Il titolo Giorni tristi, apparentemente cupo, cela un intrigante gioco di contrasti: se da un lato il testo scandaglia con profondità il dolore nascosto e le fragilità interiori, dall’altro la veste sonora è permeata di leggerezza, ritmo e freschezza, restituendo un equilibrio inedito tra malinconia e vitalità. Non si tratta di una resa all’“inverno che ho dentro”, ma di un percorso di consapevolezza: riconoscere la sofferenza, affrontarla e trasformarla in una nuova maturità emotiva.

Il brano si lega a un lancio dal carattere sperimentale. Nei mesi precedenti, infatti, Mara Sattei aveva diffuso sui social tre estratti inediti – abbey road, e chissà se ricordo e, appunto, giorni tristi – invitando i fan a scegliere quale pubblicare per primo. Una narrazione digitale, sviluppata attraverso un racconto quotidiano che mostrava la sua giornata tra studio, registrazioni e momenti di vita privata, e che ha confermato quanto per l’artista il rapporto con il pubblico sia parte integrante del processo creativo.

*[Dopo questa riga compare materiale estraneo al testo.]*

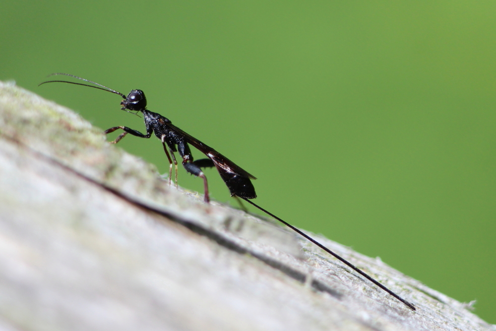 Vor wenigen Tagen gelang das Foto einer interessanten Kronenwespe (Stephanus serrator). Das Weibchen suchte hier nach Käferlarven im Totholz.
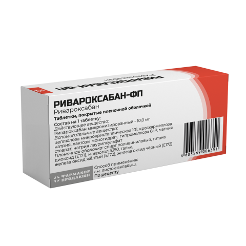 – Для профилактики образования тромбов в венах (венозная тромбоэмболия, ВТЭ) после больших ортопедических операций на нижних конечностях. Рекомендуемая доза составляет по 1 таблетке препарата Ривароксабан-ФП 10 мг один раз в день.
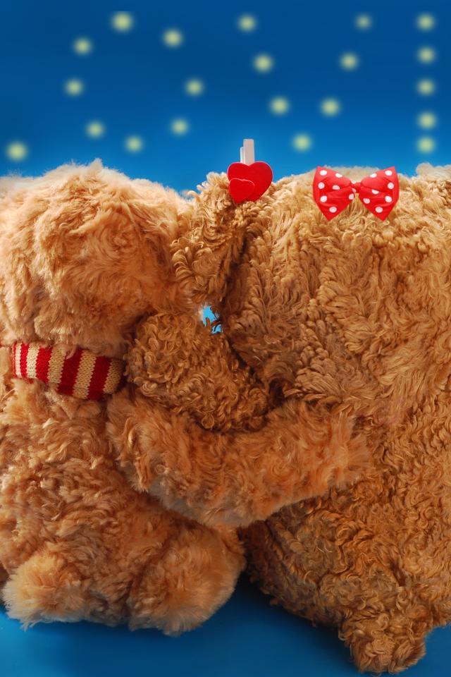 Wallpaper Two loving bear cub Teddy on the background of the inscription Love
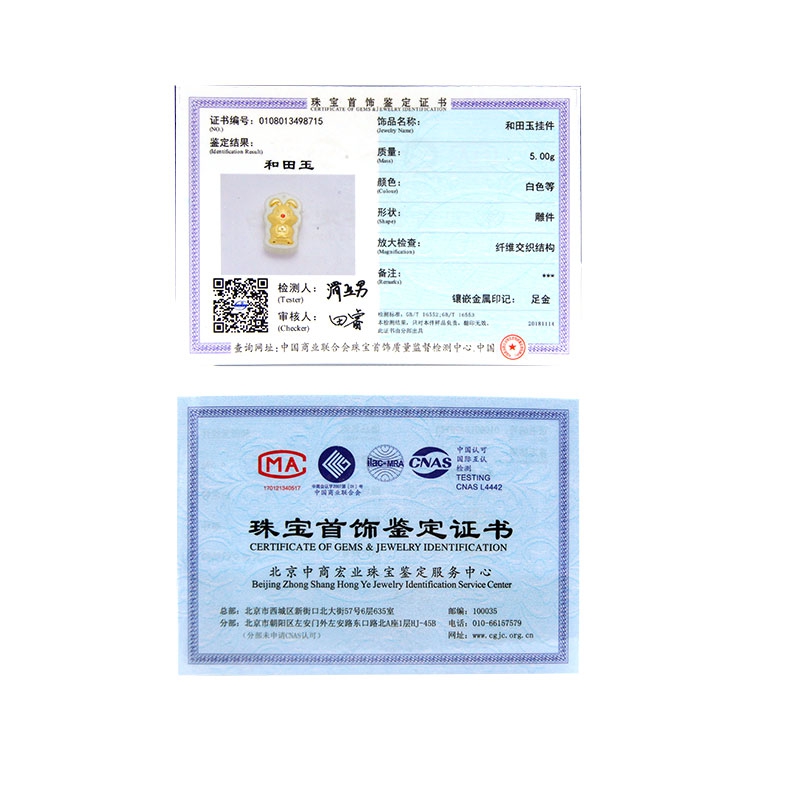尺寸:高:26mm 、宽:16mm材质:和田玉、足金证书:送检证书
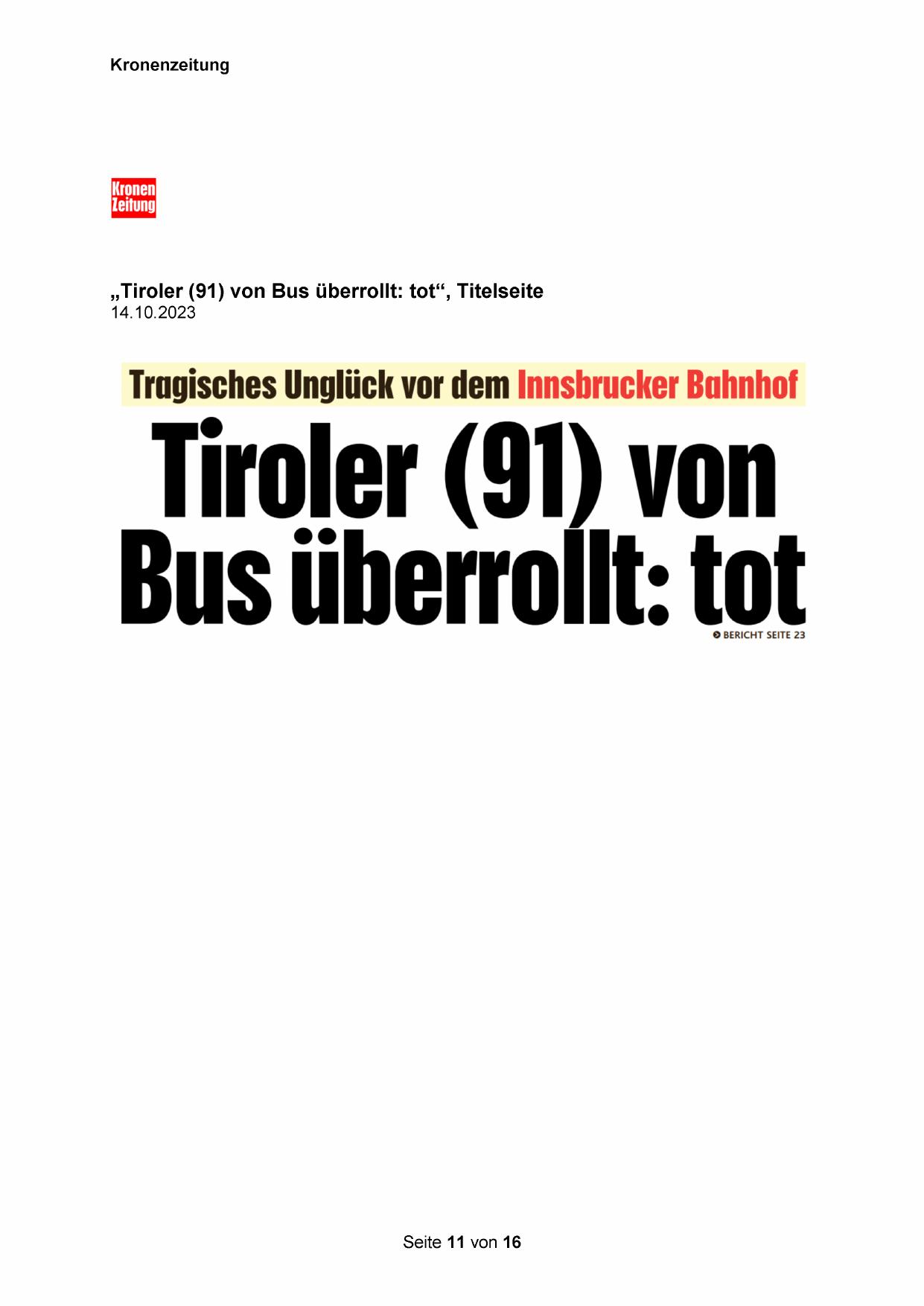 „Tiroler (91) von Bus überrollt: tot‘“, Titelseite
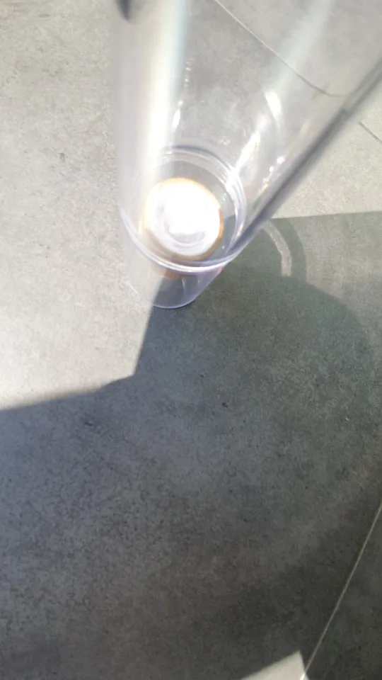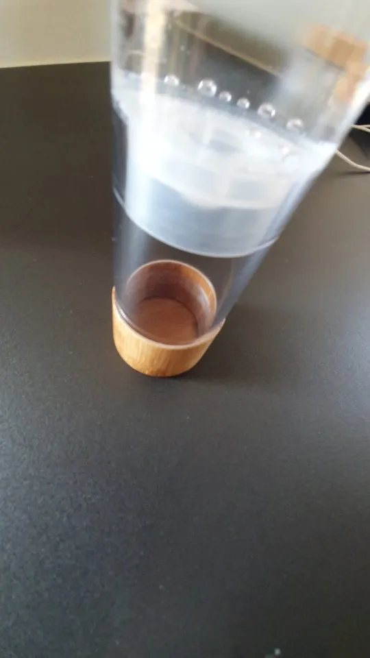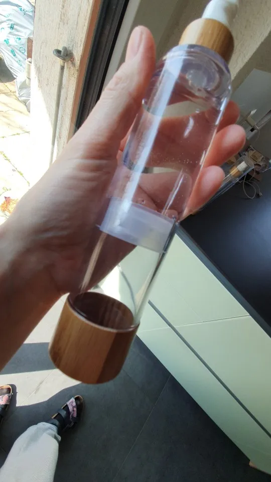 Пластиковая бутылка без царапин. Настоящая бамбуковая оболочка. Работает хорошо. Никакой жидкости не проходит под пластиковым основанием. Прибыл очень, очень, очень хорошо упакованный, за месяц до запланированной даты в Швейцарии. Я рекомендую это.
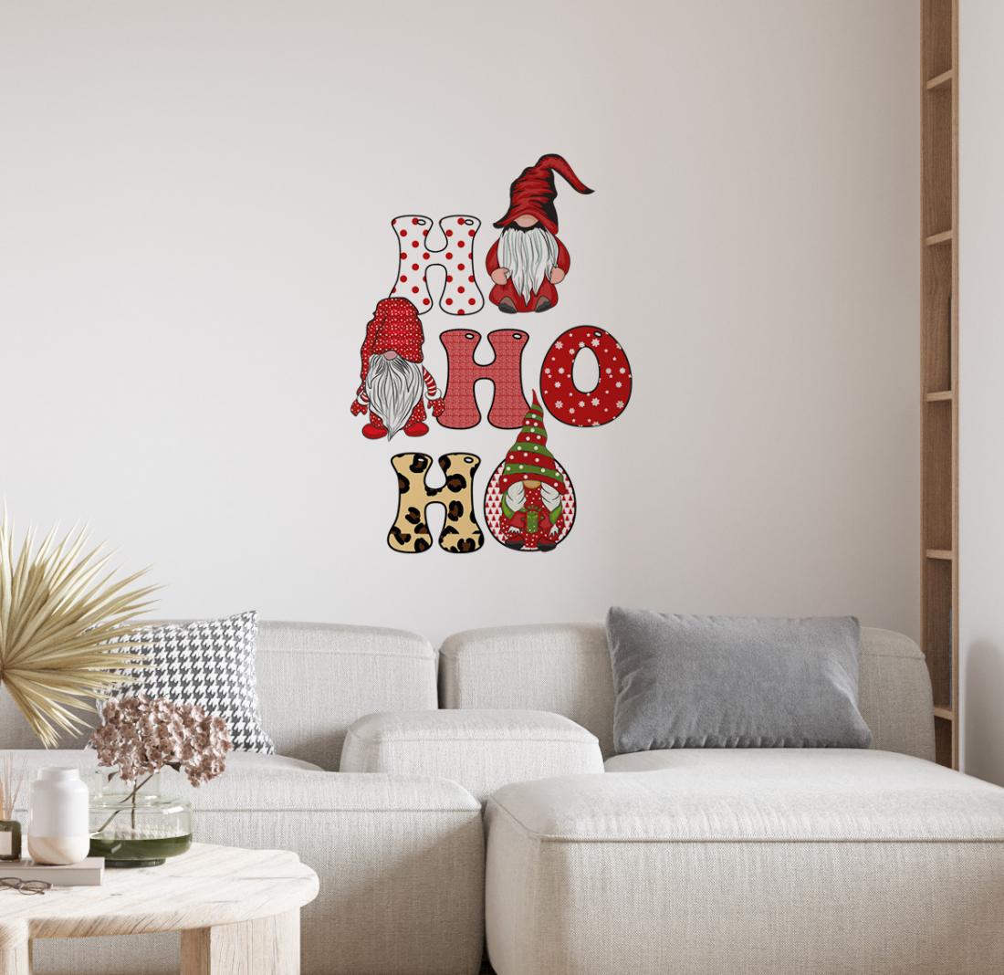 Décoration adhésive "Ho Ho Ho! de Noël" Lot de 2. Format 100x41cm l'ensemble. Pour toutes surfaces lisse, mur, vitre, repositionnable. Visuel sur 1 seule face, souple et opaque. Application facile, retrait sans résidus de colle. Tarif non négociable.
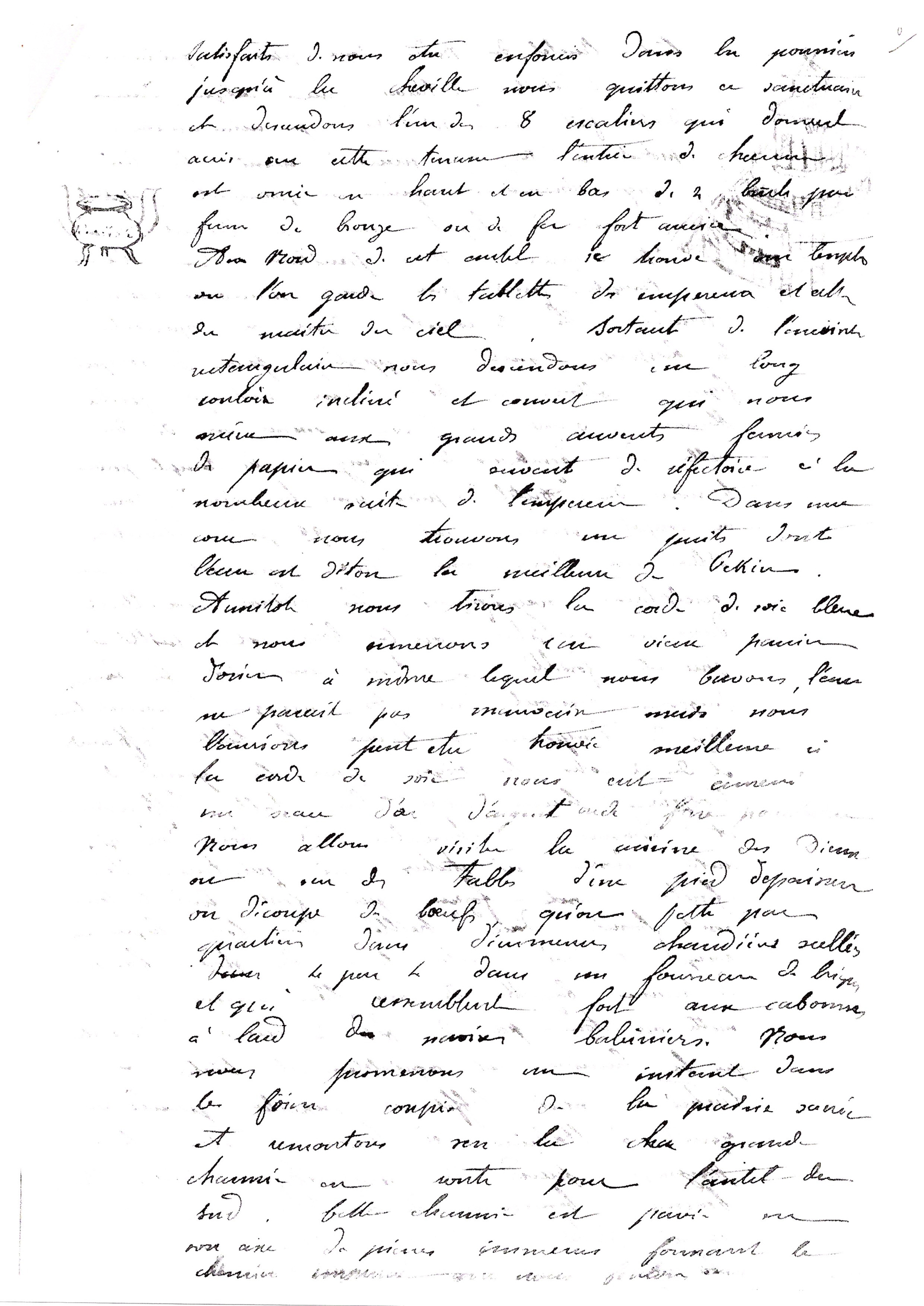 Dans une cour, nous trouvons un puits dont l’eau est, dit-on, la meilleure de Pékin. Aussitôt, nous tirons la corde de soie bleue et nous ramenons un vieux panier d'osier à même lequel nous buvons. L’eau ne paraît pas mauvaise mais nous l’aurions trouvée meilleure si la corde de soie nous eut amené un seau ... (?)

Il ritorno di un grande talento

La carriera di Mara Sattei, iniziata a soli 13 anni, si distingue per una capacità unica di unire pop e urban, tradizione e innovazione, con risultati straordinari: 18 dischi di platino e 6 d’oro, brani simbolo come Spigoli con Carl Brave e thasup, Altalene con Coez e thasup, Parentesi con Giorgia, e l’inossidabile hit estiva La dolce vita con Fedez e Tananai. A questo si aggiunge la partecipazione al Festival di Sanremo 2023 con Duemilaminuti e una serie di successi pubblicati con Island Records tra il 2023 e il 2024, fino al progetto Casa Gospel.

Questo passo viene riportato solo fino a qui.